ENTRETIEN AVEC LA RÉALISATRICE SABRINA NOUCHI
Quel était l’objectif principal de ce film sur le viol ?
L’objectif central de ce film était de présenter une diversité de victimes, d’accusés et de contextes variés dans lesquels les viols peuvent se produire. Il visait à susciter une réflexion et une discussion ouverte sur ce sujet souvent entaché de préjugés dans l’opinion publique, en mettant en lumière une pluralité de perspectives et de réalités.
Comment le film aborde-t-il la question du viol d’une manière différente des autres films traitant du même sujet ?
ÇA ARRIVE est une fiction qui a pris pour parti d’adopter une approche réaliste, quasi documentaire, en utilisant tous les protagonistes impliqués dans une affaire de viol. Ainsi, la parole est donnée à tous de manière équitable pour permettre au spectateur d’entrer aussi bien dans la peau des plaignants, des accusés, des témoins que des OPJ. L’originalité de ce film réside dans sa volonté de conserver la plus grande neutralité. Les témoignages se croisent, se contredisent, s’affrontent, et pour la plupart des affaires, le choix a été de ne pas en dévoiler le dénouement, laissant le spectateur avec pour seul juge, son ressenti. Le film oppose l’aspect factuel, cru et pénible du processus de dépôt de plainte pour viol, à l’aspect émotionnel qui nous traverse inévitablement face aux témoignages et aveux parfois presque insoutenable. ÇA ARRIVE ne défend aucune cause, ne prend aucun parti si ce n’est de mettre en lumière la réalité brute, provoquant parfois le malaise et questionnant chacun sur la place du regard porté sur l’autre.
Comment se peut-il que l’acte commis sur la victime devienne plus important que la parole de la victime elle-même ? Sommes-nous capables d’entendre réellement la vraie souffrance, la vraie plainte, la vraie blessure sans jugement de valeurs ni croyances pré-établies et sans voler aux victimes leur histoire intime ? Sommes-nous en capacité d’aller au-delà de nos convictions pour rester pleinement impartiaux et intègres ? Qui sommes-nous pour juger, pardonner, trouver des circonstances atténuantes ?

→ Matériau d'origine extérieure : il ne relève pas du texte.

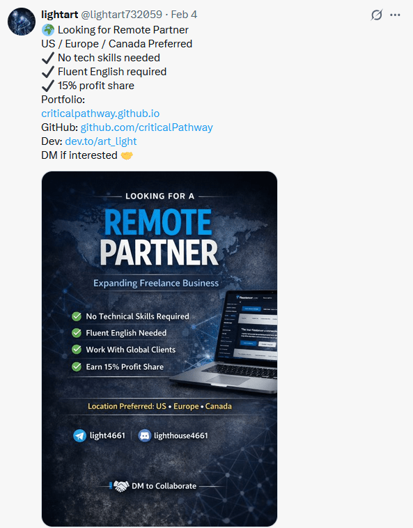 Another account associated with the cluster, lightart732059 was also posting online looking for remote workers to share profits.

À travers ces questions, le film vient volontairement perturber le spectateur en le positionnant à la place d’un voyeur, le concept de voyeurisme pouvant être associé à celui qui observe passivement sans intervenir. Les affaires sont traitées en séquences non linéaires, sans suivre un schéma cinématographique classique qui suivrait un film conducteur d’attachement, mais expose de manière successive des affaires de viol, pouvant susciter un sentiment dérangent face à cette « banalité » sordide.
Si l’attachement et l’accompagnement émotionnel n’est pas le propos, l’intention du film n’est pas simplement d’observer les situations froidement, mais bien de susciter de l’empathie pour toutes les parties impliquées, y compris les accusés. Il replace la notion de présumé innocent au centre du propos et interpelle sur nos préjugés et partis pris inconscients. ÇA ARRIVE, avec cette forme atypique, déclenche chez le spectateur une approche plus nuancée, moins confortable que l’évidence, où la remise en question de nos jugements est incontournable.
Alors, comme un miroir morcelé renvoyant nos petites vérités subjectives, nos émotions contrariées et toutes puissantes, le film nous demande de nous regarder en face et d’être capable de nous avouer : qui suis-je pour asséner une sentence
Qu’espérez-vous que les spectateurs retiennent de ce film ?
Je souhaite que les spectateurs saisissent l'intention de ce film qui, délibérément, ne prend pas position, permettant ainsi à chacun de se forger sa propre opinion concernant les situations de viol qu'il met en scène. L'objectif est de laisser à chacun la liberté de réflexion et d'interprétation face à ces sujets délicats.